Gökyüzünde yıldızlar parlıyordu. Orman sessizdi. Sadece uzaklardan gelen kuş cıvıltıları duyuluyordu. Selin ve Adem yıllardır aradıkları huzuru birbirlerinin yanında bulmuştu. Artık korku yoktu, sadece sevgi ve güven vardı.
Hikayenin sonunda Halil köyden uzaklaştı. Artık ne Selin’i tehdit edebilir ne de Adem’in huzurunu bozabilirdi. Köy Adem’in cesaretine tanık olmuş, Selin ise kendi değerini bulmasına şahit olmuştu. Adem ve Selin kulübelerinde yeni bir hayat kurdular. Geçmişin acıları geride kaldı. Önlerinde sadece birlikte inşa edecekleri bir gelecek vardı.

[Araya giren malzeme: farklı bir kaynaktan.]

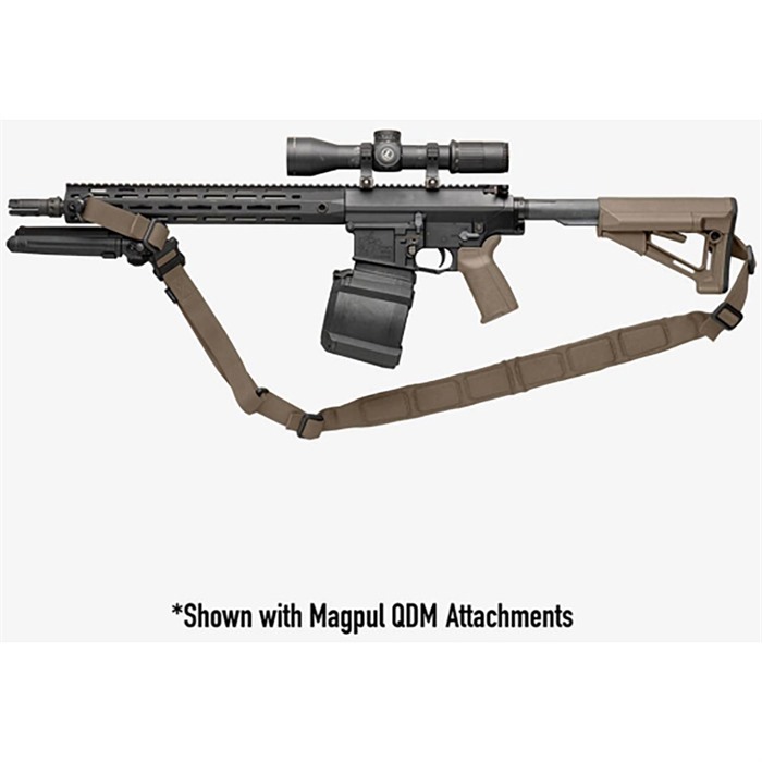 This sling is comfortable for carrying rifles and shotguns across your back or at sling arms. The padding is wide and comfortable where it contacts your body. I have one on my Benelli SBE II and one on my Garand M1 and it makes the carry much more comfortable than the 1 inch slings. The sling is well made, but then it is a MagPul.
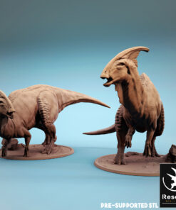 La miniatura representa a un parasaurolophus, con una base de 4 pulgadas.

Selin bir gün kulübenin penceresinden dışarı bakarken Adem’in yanına yaklaştı: “Bugün sana bakınca hayatımın en doğru kararı seninle olmak olduğunu anlıyorum,” dedi. Adem sessizce Selin’in elini tuttu. Gözlerinde sevgi ve kararlılık vardı. Ve dedi ki: “Selin, hayatımın her anını seninle geçirmek istiyorum.”
İkisi kulübenin önünde birbirine sarıldı. Dışarıdaki dünya hâlâ karmaşık ve bazen acımasızdı. Ama onlar artık birlikteydi, korkusuz ve umut doluydular.
Ve böylece, kısırlık yüzünden satılmak istenen Selin, beklemediği anda Adem’in hayatına girmesiyle özgürlüğünü ve mutluluğunu bulmuş oldu. Orman, yıldızlar ve sessizlik onların yeni hayatının tanıklarıydı. Geçmişin gölgeleri artık geride kalmıştı.